O primeiro voto a favor da condenação do ex-presidente Luiz Inácio Lula da Silva foi proferido pelo desembargador João Gebran Neto, relator do processo analisado pelo TRF-4, nesta quarta-feira (24), em Porto Alegre. Ele aumentou a pena de nove anos e meio para 12 anos e um mês de prisão para o ex-chefe de Estado, alegando que os crimes imputados a Lula extrapolam os benefícios pessoais e repercutem no processo democrático do país.


Durante a extensa leitura de seu voto, o desembargador explicou as razões que o motivaram a aumentar a pena do ex-presidente, condenado em primeira instância pelo juiz federal Sérgio Moro. Lula foi acusado de corrupção passiva e lavagem de dinheiro pelo tríplex no Guarujá, que, segundo os acusadores, foi fruto de um esquema de propina envolvendo troca de favores para a empreiteira OAS.

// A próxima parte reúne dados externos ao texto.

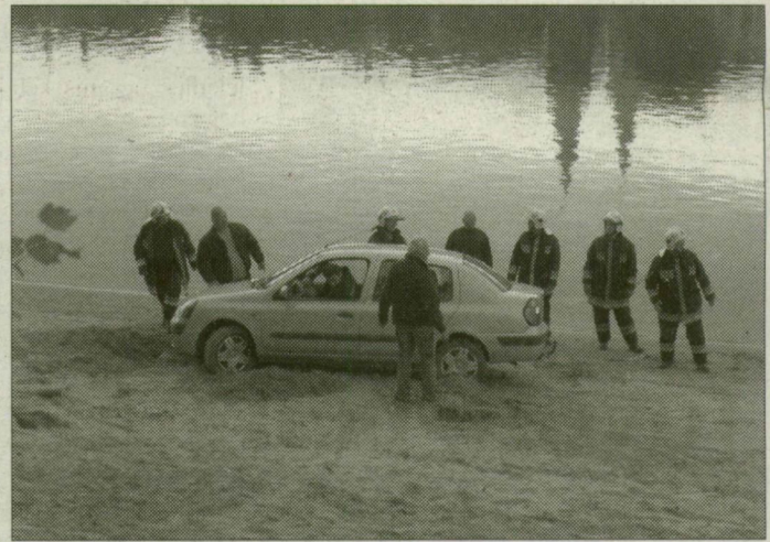
Az autó megmenekült
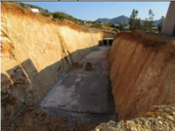
Excavación, instalación de cajones prefabricados y relleno estructural, acceso a predio, sector ferretería (Km 6,180 – Km 6,280).
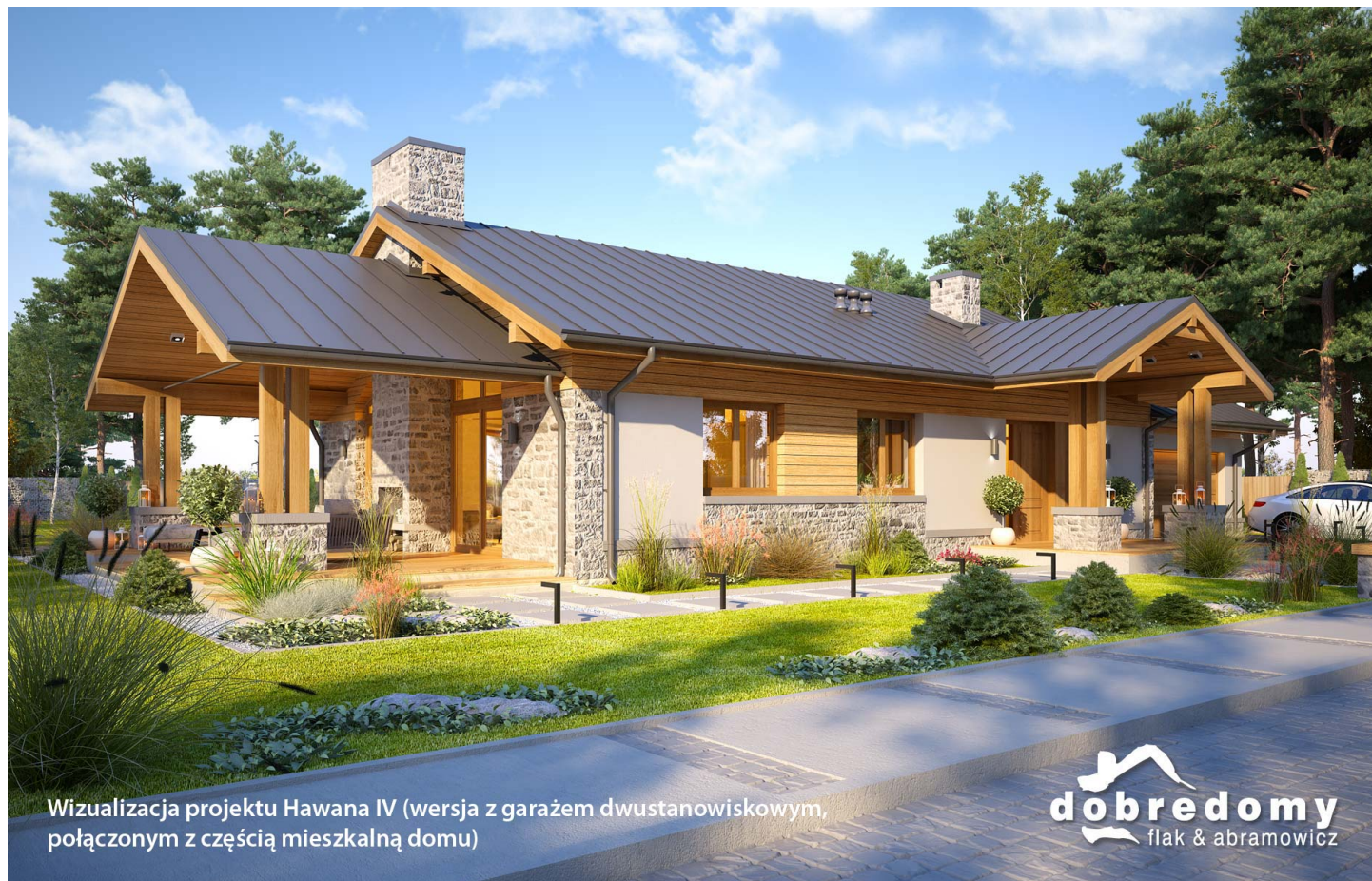
Wizualizacja projektu Hawana IV (wersja z garażem dwustanowiskowym, połączonym z częścią mieszkalną domu)

autor: Marcin Abramowicz Jagoda Gruca cena projektu: 4 710 zł

Segundo Gebran, houve indícios suficientes comprovando que o imóvel tríplex do Guaraujá seria destinado ao ex-presidente como propina relacionada à corrupção envolvendo a Petrobras e a construtora OAS. O relator chegou a considerar a atuação da empreiteira como “laranja” no negócio. “O valor do imóvel, as reformas e a equipagem extrapolam e muito o valor de mercado e o simples ‘acobertamento’ da valorização do bem já configuraria, em tese, o crime de branqueamento de capitais. Em nenhum momento houve a iniciativa, de fazer, no mínimo, o ajuste da opção do apartamento tríplex para um apartamento simples”.

Gebran também se referiu à declaração de Imposto de Renda para reforçar seu argumento: “Somente no calendário da declaração de 2015 houve a exclusão do referido compromisso de compra e venda da declaração”.

O relator considerou o presidente “tolerante” e “beneficiário” da corrupção. “Há um esquema sofisticado de fraude e de corrupção no seio da Petrobras. Tais fatos não se deram ao arrepio da vontade do governante maior, mas com maior gravidade pela nomeação do Conselho de Administração e demais dirigentes por interferência dele,  como se deu em alguns episódios.  Esse mecanismo acabou por fragilizar não apenas o funcionamento rígido da Petrobras, mas todo o processo político brasileiro”.

“Infelizmente está sendo condenado um ex-presidente da República, mas que praticou crime e pactuou direta e indiretamente com a concretização de tantos outros, o que indica a necessidade de uma censura acima daquela ordinariamente que se firmaria na dosagem da reprimenda”, afirmou.

Magistrado rebate críticas

O relator do processo, o primeiro a votar depois das alegações das defesas dos réus, também rebateu no seu argumento as críticas de imparcialidade do julgamento feito pela justiça: “Recursos foram desviados em favor de partidos políticos e de pessoas, comprometendo o equilíbrio do processo sucessório, fazendo-nos questionar o real sentido da democracia representativa que temos. Nada disso, no entanto, deve abalar a isenção de ânimo nem a imparcialidade do julgador. Não julgamos o nome nem o personagem, ou ainda um reconhecido estadista. Julgamos, sim, fatos concretos, os quais foram examinados e julgados dentro da mais perfeita moldura constitucional, da legalidade, das provas, e do limite da minha capacidade”.